A solution to this problem has been proposed by Theoretical analysis: Model calculations predicted that by mixing a small amount of neon with hydrogen, the plasmid pressure could be reduced. Neon freezes at a temperature of about 20 K and produces a strong radiation line in the plasmoid. Therefore, if neon is mixed with hydrogen ice before injection, part of the heating energy can be emitted as photon energy.

To demonstrate this beneficial effect of using a mixture of hydrogen and neon, a series of experiments were carried out in the large spiral device (LHD) located in Toki, Japan. For many years, LHD has operated a device called a “solid hydrogen pellet injector” with high reliability, which injects snow pellets about 3 mm in diameter at a speed of 1100 m/s. Due to the high reliability of the system, it is possible to inject hydrogen ice into the plasma with a temporal resolution of 1 ms, allowing measurement of the plasma temperature and density immediately after the injected ice melts.

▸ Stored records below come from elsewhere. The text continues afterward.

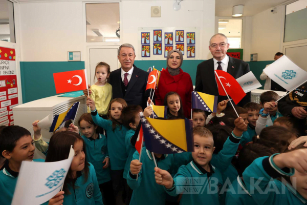 Okula gelişinde Bakan Akar'a yöresel kıyafetli anaokulu öğrencileri çiçek hediye etti. Bakan Akar, binaya girişinde ise ilkokul öğrencilerinin sürpriziyle karşılaştı. Ellerinde Türk ve Bosna Hersek bayrakları taşıyan minikler, Bakan Akar'ı "merhaba" adlı şarkıyı söyleyerek selamladı.
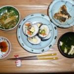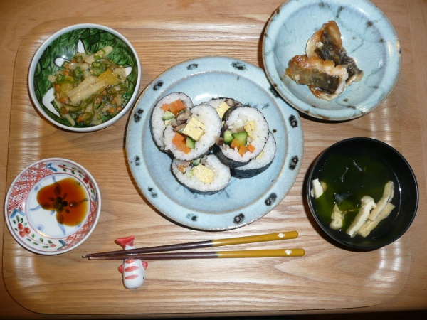 巻き寿司、ねばねばサラダ、穴子のあまから焼き、わかめと揚げのお吸い物 サラダは納豆、おくら、やまいも、メカブでした。本当にねばねばでいかにも体に良さそうでした。穴子は久しぶりで美味しく頂きました。時にはお寿司を食べるのもいいですね。
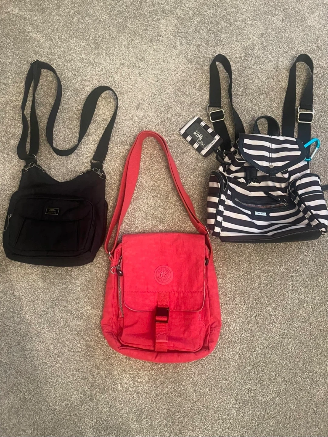 Kipling crossbody,Roots crossbody, Tyler Rodan backpack
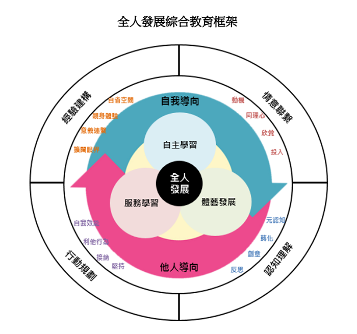 什么叫全人教育?自主學習、服務學習、體藝發展三大方面。讓孩子變成不僅從課堂中學習;從實踐活動中讓學生在親身經歷及反思后,有機會把感受付諸行動,并透過展示自己的經驗和想法,沉淀對事情的認知和內化相關的價值觀;體育藝術多方面發展。
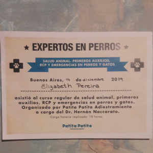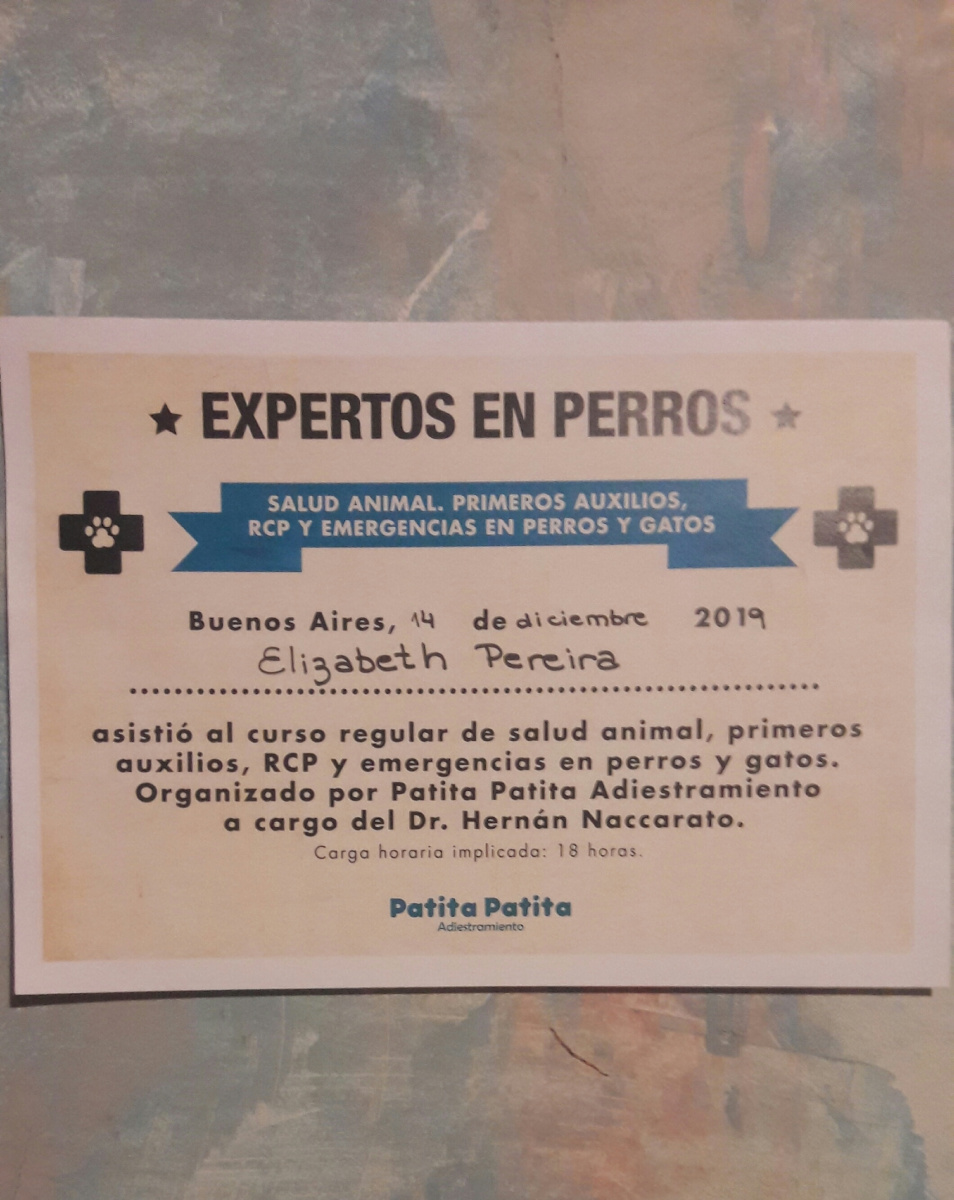 En casa los miembros de la familia somos: mi hija, yo,1 perrita y 3 gatos. Trabaje haciendo paseos voluntarios en zoonosis de San Martín (declarado de interés municipal), donde trabajamos conjuntamente con un etologo. Quien nos capacitaba continuamente sobre el comportamiento de los perros. Curso de comportamiento en animales.
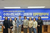 경기헤드뉴스 임수연 기자 | 수원시도서관과 사회복지법인 경동원은 14일 경동원에서 ‘교류 협력을 위한 업무협약’을 체결했다. 공공도서관과 지역 복지기관이 함께 어린이의 독서 접근성을 높이고, 독서 친화적 성장환경을 조성하기 위한 협약이다. 수원시도서관은 경동원 어린이를 위한 독서 활동 프로그램과 도서 기부, 독서 서비스, 공연 등 다양한 독서문화 진흥 사업을 추진할 계획이다. 두 기관은 지역사회 어린이 보육 기관과 연계해 창의력과 표현력을 키울 수 있는 독서교육 프로그램을 운영하고, 교육·문화 협력을 위한 지속 가능한 교류 체계를 이어가기로 했다. ‘아이들을 위한 스토리텔링과 책놀이’ 프로그램을 10월 14일부터 11월 4일까지 매주 화요일 경동원에서 진행한다. 스토리텔링과 책놀이로 어린이의 창의력 발달을 돕고, 교사의 소통 능력을 높이는 내용으로 구성됐다. 이날 협약식에는 김병수 도서관사업소장, 신승주 경동원장, 이명옥 선경도서관장 등이 참석했다. 김병수 도서관사업소장은 “이번 협약은 어린이들의 독서 환경 격차를 줄이고, 누구나 동등하게 독서문화의 혜택을 누리도록 하기 위한 공동의

Recently, the world’s highest Thomson Scattering (TS) temporal resolution of 20 kHz was achieved in an LHD system using a novel laser technology. Using this system, the research team explored the evolution of plasmoids. They found that, as predicted by theoretical calculations, plasma ejection was suppressed when hydrogen ice was doped with approximately 5% neon, in stark contrast to the case in which pure hydrogen ice was injected. In addition, experiments confirmed that neon plays a beneficial role in the efficient cooling of plasmas.

The results of this study show for the first time that injecting hydrogen ice granules doped with a small amount of neon into a high-temperature plasma is beneficial to effectively cool the deep core region. plasma By suppressing plasma expulsion. The effect of neon doping is not only interesting as a new experimental phenomenon, but also supports the development of a baseline strategy to mitigate disturbances in ITER. A design review of the ITER disturbance mitigation system is scheduled for 2023, and current findings will help improve system performance.